House Committee Votes To Make Medicaid Cuts Permanent

Mar 21, 2019
Originally published on March 20, 2019 9:34 am

House Republicans on Tuesday released a proposed health-care budget and an accompanying bill that could lead to putting people with disabilities in managed-care plans. 

The proposed budget for the upcoming fiscal year also would make permanent a $103 million reduction to the state’s Medicaid program and reduce Medicaid spending at Florida’s hospitals by about $111 million in federal and state funds. Those reductions would come in reimbursements for inpatient and outpatient care.

The House Health Care Appropriations Subcommittee did not receive any public testimony about Chairwoman MaryLynn Magar’s proposed budget.

But the accompanying bill, which would make necessary statutory changes to carry out the budget, passed by just a one-vote margin with all the Democrats on the committee voting against it.

Republicans voted in a bloc to advance the measure. Several lawmakers were absent when the vote was taken, presenting bills in other committees.

Debate on the bill also was limited, with only Rep. Loranne Ausley, D-Tallahassee, speaking against it.

“Generally, I think there are some provisions in here I have concerns with,” she said, noting that she didn’t think the state should make permanent a decision to eliminate a 90-day period people have to fill out Medicaid paperwork and qualify for coverage.

The Legislature last year agreed to eliminate the longstanding 90-day policy and  — for one year — to require people to fill out Medicaid paperwork the same month they qualify for the  program. The Legislature exempted pregnant women and children from the change, which means it only impacts seniors and people with disabilities.

The House has recommended making the cut permanent by including it in the bill that would accompany the new budget. While the Senate won’t release its proposed health-care spending plan until Wednesday, senators are moving forward with a separate bill that would make the $103 million cut permanent.

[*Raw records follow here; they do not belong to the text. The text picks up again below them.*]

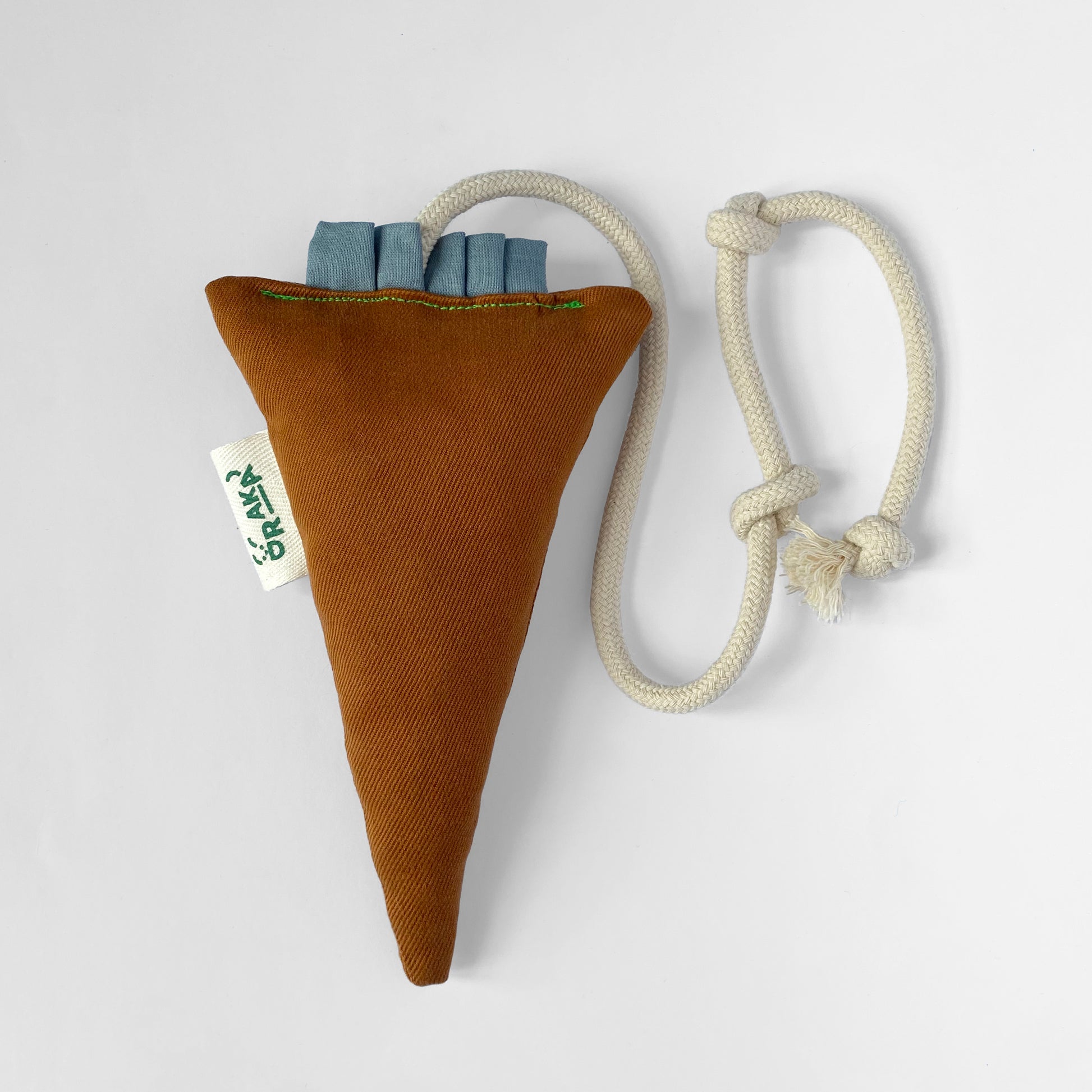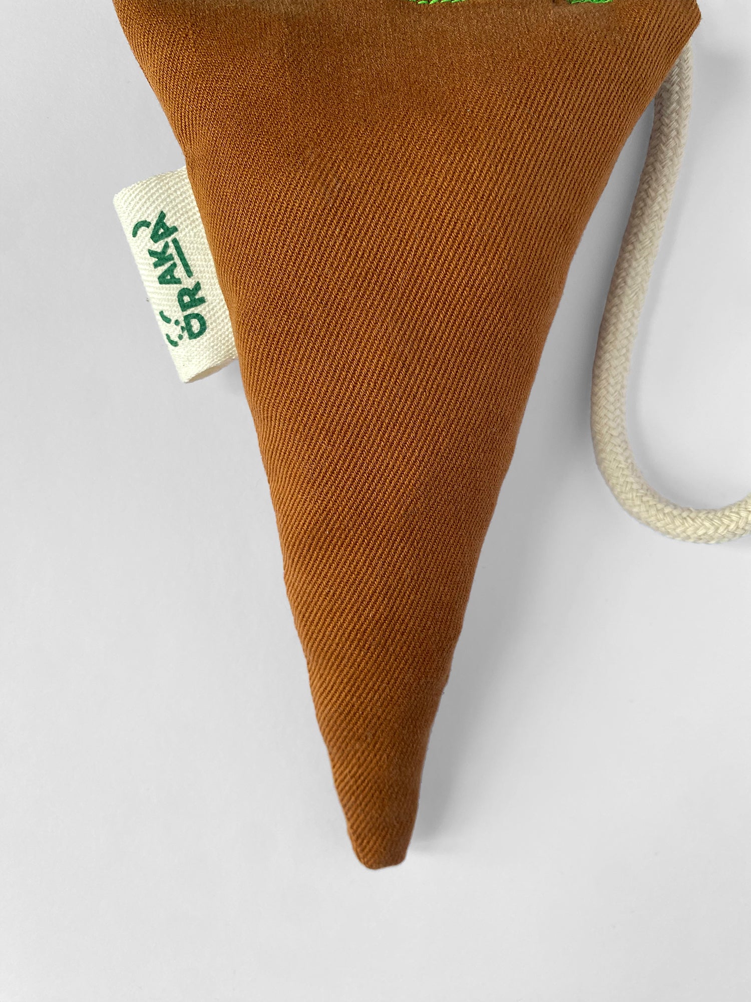 Zrobiona i wypełniona materiałami z drugiego obiegu. Wewnątrz skrawki różnych materiałów. Sznurek bawełniany.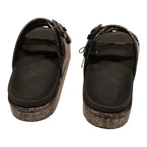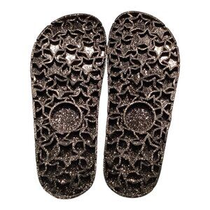 Wonder Nation Girls Black Glitter Jelly Slide Sandals Size 3 Two Buckles Durable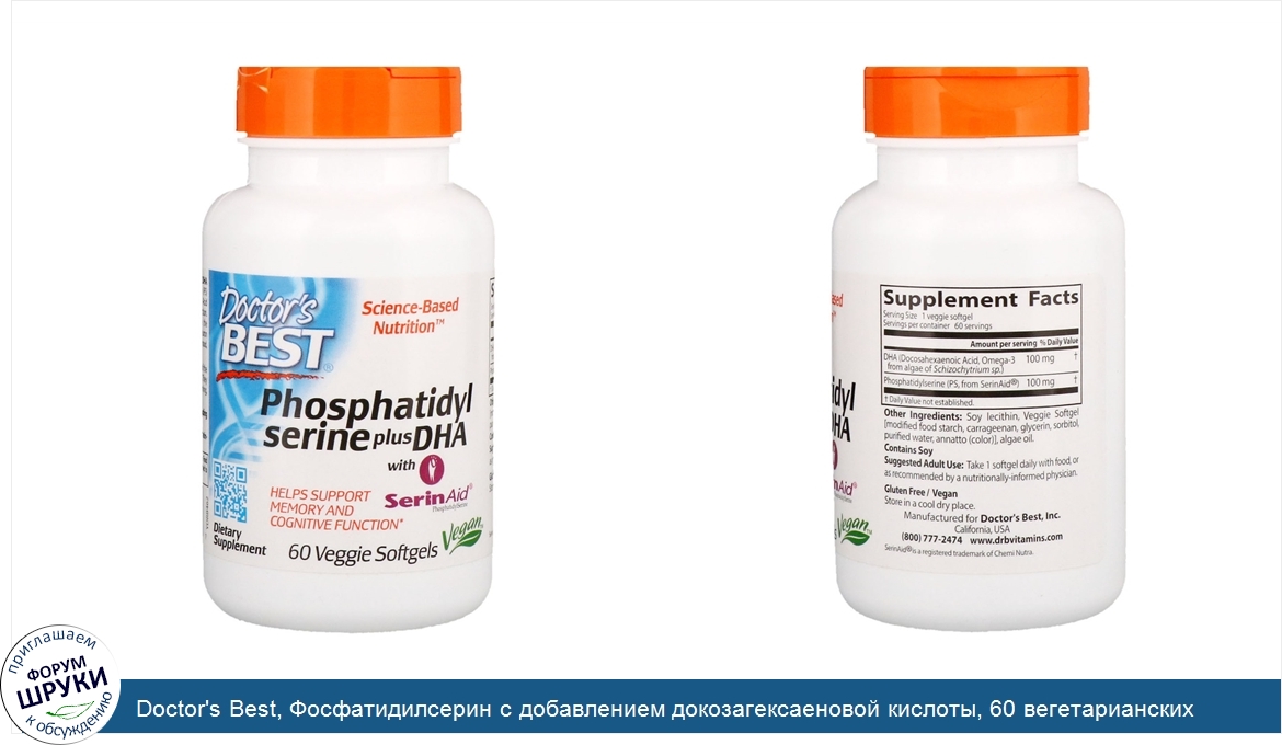 Продукт питания, польза которого доказана научно. Помогает поддержать память и когнитивную функцию. С фосфатидилсерином SerinAid. Пищевая добавка. Продукт для веганов. Не содержит глютена. Doctor's Best Phospahti...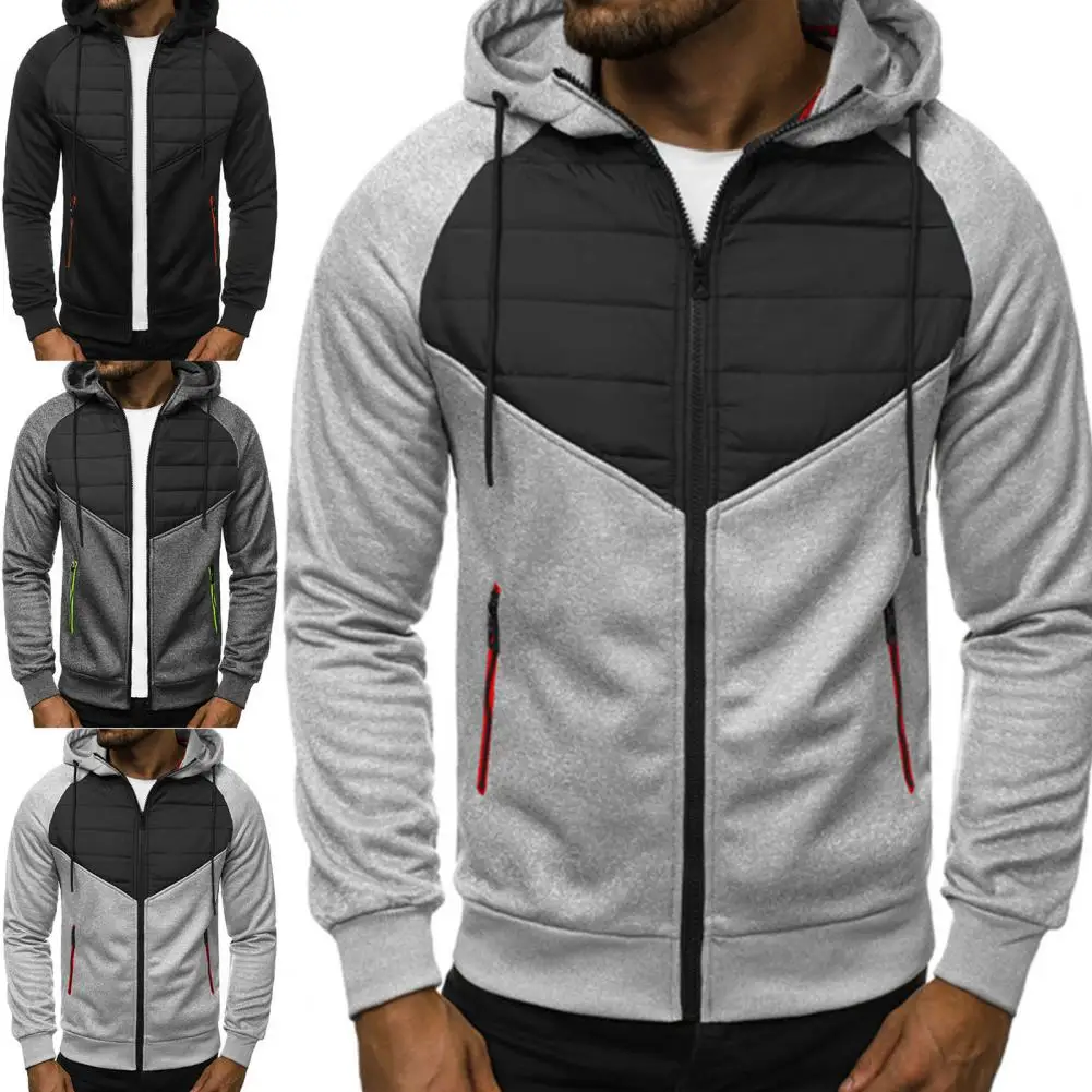 Мужская куртка с капюшоном и длинным рукавом, на молнии

Karen Woodall, executive director of the Florida Center for Fiscal and Economic Policy, is lobbying lawmakers to move ahead with the cut, but to include it in the budget, so it would only be in effect for the coming year — and not be permanent. The budget is an annual document.

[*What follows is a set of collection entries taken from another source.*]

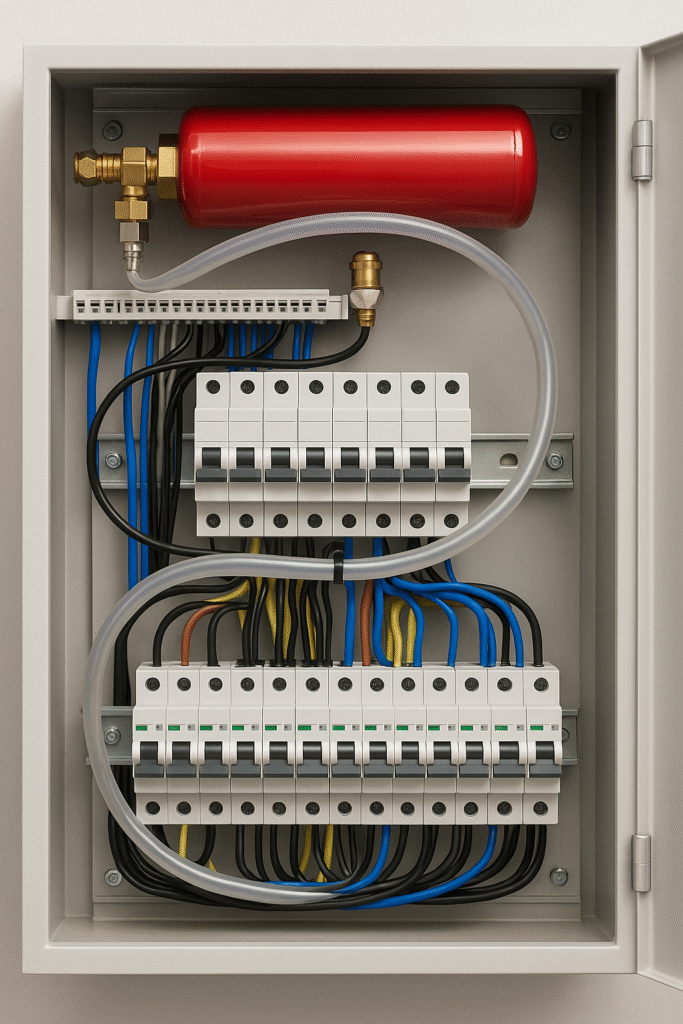 For car engines, the system delivers suppression inside the engine compartment. For racks, it protects concentrated equipment and cabling, while for electrical cabinets, it prevents fire from spreading within enclosed panels.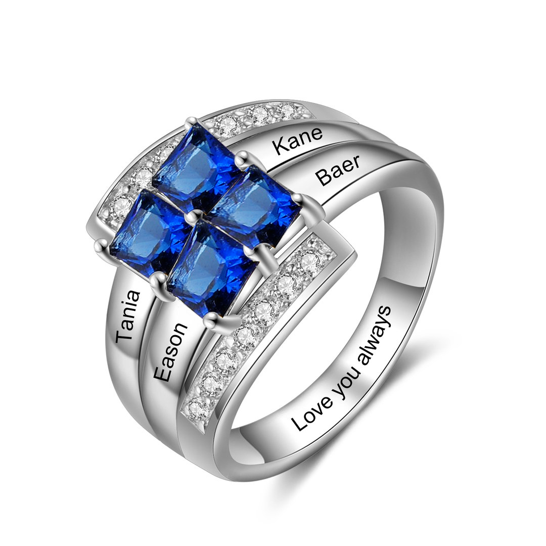 September Birthday Gift Personalized Mothers Ring With 4 Birthstones Engraved Names Ring Gift For Women
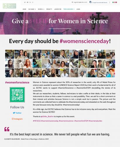 L’iniziativa “Give a selfie for Women in Science 2022” è stata ideata e proposta da Marcello Marelli e Laura Polito, entrambi ricercatori della sede di Milano del Cnr-Scitec. Il materiale raccolto, un "selfie" in lab o alla scrivania con una didascalia per descrivere il lavoro, viene diffuso tramite il sito e i canali social dell’istituto (Twitter e Instagram) con il supporto del Team Social presente su tutta la propria rete territoriale (Milano, Genova, Roma e Perugia), in quanto iniziativa perfettamente aderente alle attività di Terza Missione che l’Istituto ha attivato grazie ad una struttura dedicata.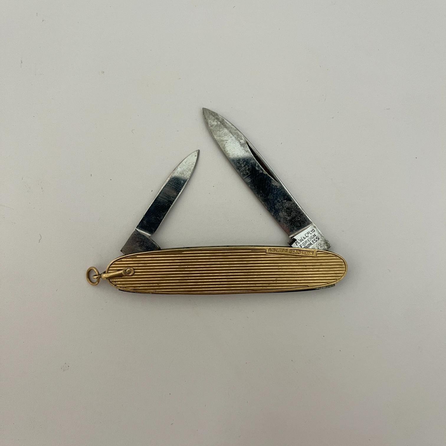 Navaja inglesa de dos hojas, con cachas en oro amarillo 9 K. Largo cerrado 7 cm.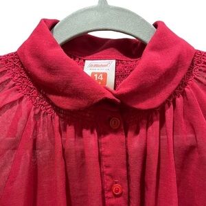 Vintage St. Michael 80’s Semi Sheer Cotton Blend Smocked Blouse Round Collar 10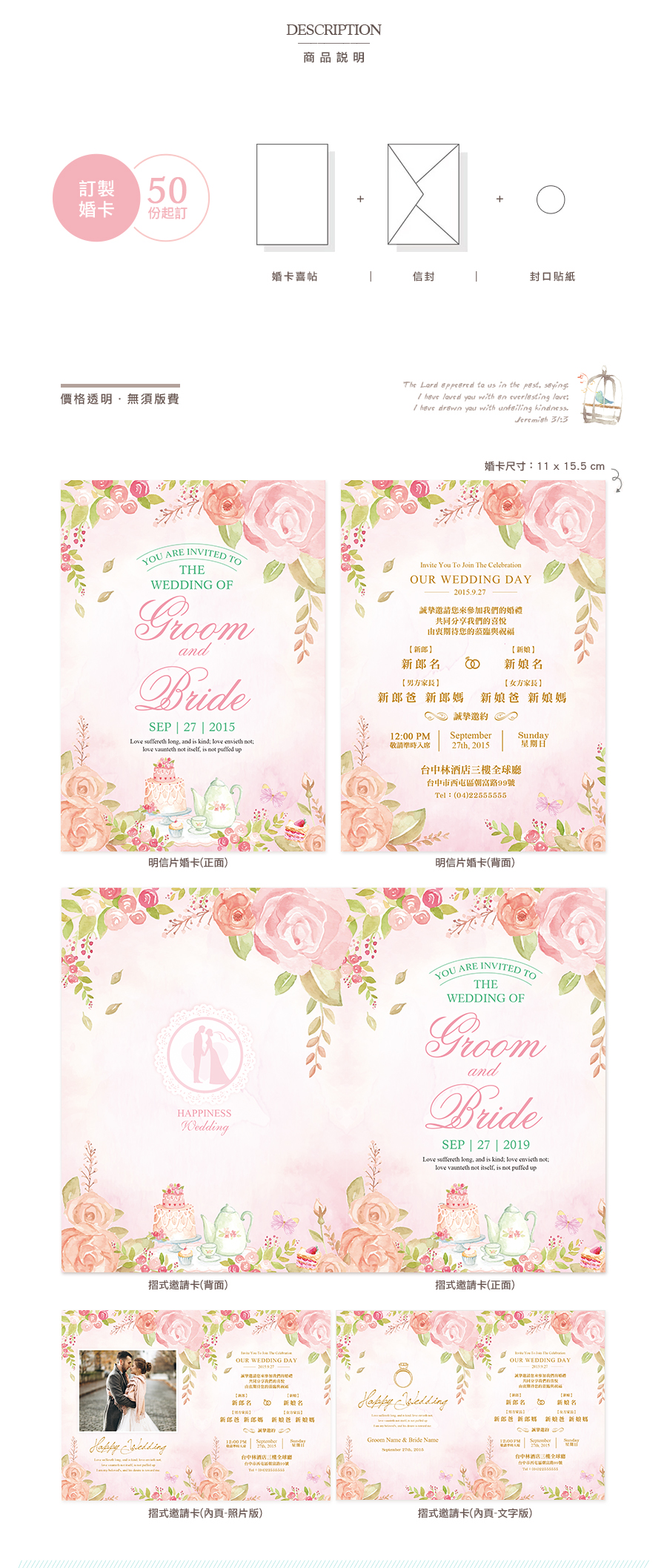 ☑ 可修改新人名字、宴客資訊及修改整體色系,不另酌收修改費
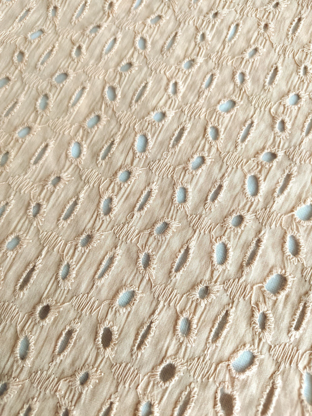 Broderie industrial importado de la India, en color beige.

Woodall said lawmakers should examine the impact that the change has on elderly and disabled residents before moving to make it permanent. The federal government, which approved the change for the current year, directed the state to examine what impact it would have.

The House also would require the state Agency for Persons with Disabilities to remodel its existing Medicaid “waiver” program for people with disabilities if it runs a deficit at the end of June.

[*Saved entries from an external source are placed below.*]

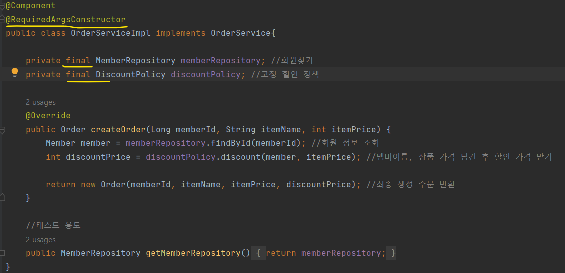 막상 개발을 해보면, 대부분이 다 불변이고, 그래서 다음과 같이 필드에 final 키워드를 사용하게 된다.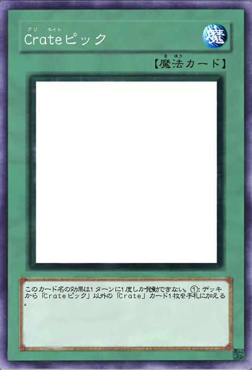 | このカード名の効果は1ターンに1度しか発動できない。①:デッキから「Crateピック」以外の「Crate」カード1枚を手札に加える。 | |||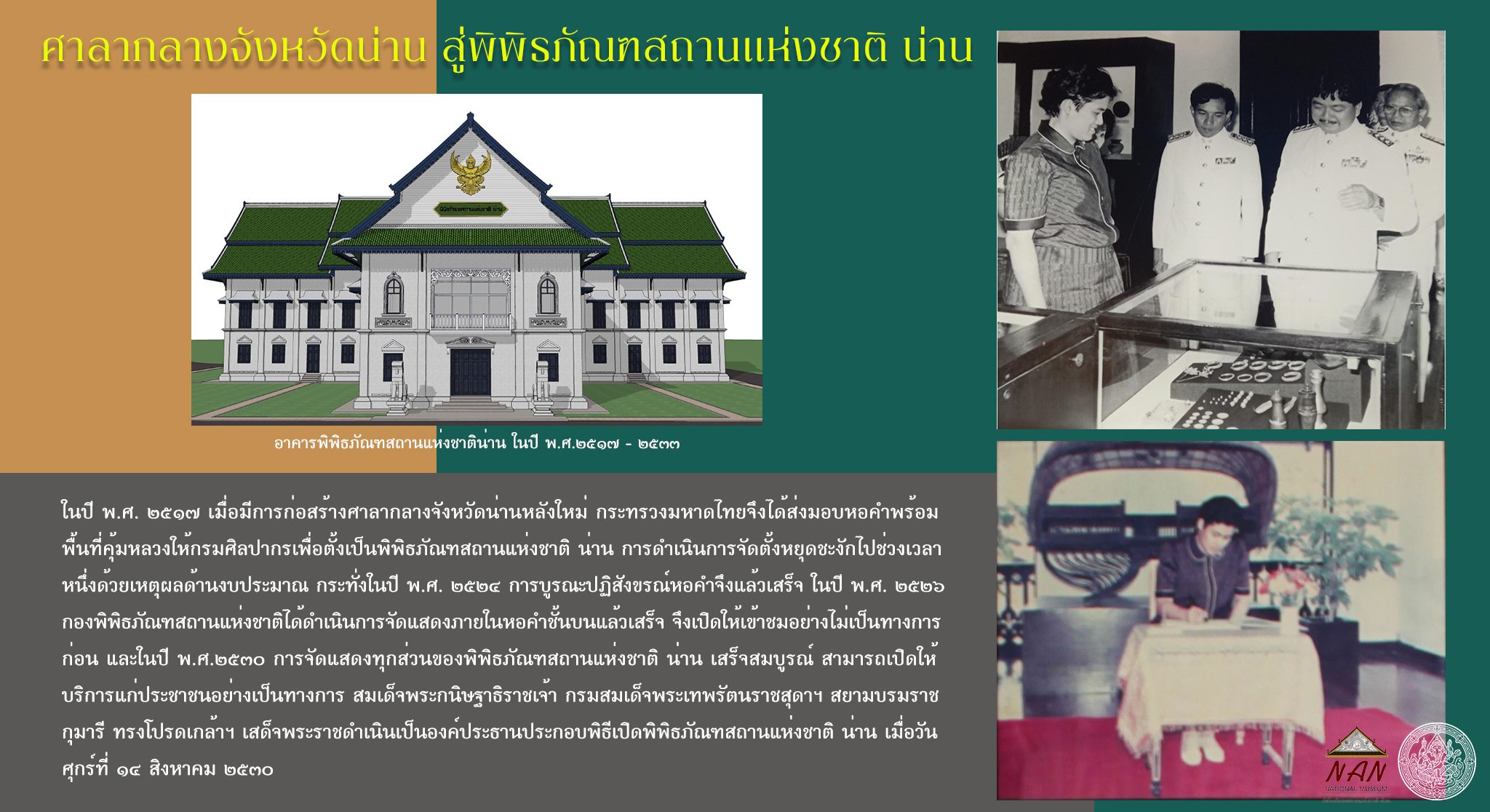 -----กระทั่ง การดำเนินงานจัดแสดงทุกส่วนของพิพิธภัณฑสถานแห่งชาติ น่าน เสร็จสมบูรณ์ สามารถเปิดให้บริการแก่ประชาชนอย่างเป็นทางการ สมเด็จพระกนิษฐาธิราชเจ้า กรมสมเด็จพระเทพรัตนราชสุดาฯ สยามบรมราชกุมารี ทรงโปรดเกล้าฯ เสด็จพระราชดำเนินเป็นองค์ประธานประกอบพิธีเปิดพิพิธภัณฑสถานแห่งชาติ น่าน เมื่อวันที่ ๑๔ สิงหาคม ๒๕๓๐

Ausley said it is “pretty clear” that there is a deficit and that the best thing for the state to do would be to better fund the program, which uses a system known as iBudget. The program serves about 34,000 people with intellectual and developmental disabilities. There are about 21,000 more on the waiting list for the program.

It is one of the few Medicaid programs that runs independently from a statewide Medicaid managed-care program. As of February, Florida had about 3.8 million Medicaid beneficiaries, with nearly 3 million of them enrolled in managed care.

“Rather than putting them through corrective action, the most critical thing we could do is to provide them with more resources to serve their population,” Ausley said regarding the APD proposal.

Overall, Magar, R-Tequesta, released a budget that proposes spending nearly $37.2 billion in five state agencies related to health and human services. The Agency for Health Care Administration, which runs the Medicaid program, accounts for the majority of the spending, with $29 billion.

The full House and Senate in the coming weeks will approve overall budgets and then enter negotiations on a final spending plan for the 2019-2020 fiscal year, which starts July 1. The House proposal on Tuesday is an early iteration of the spending plan.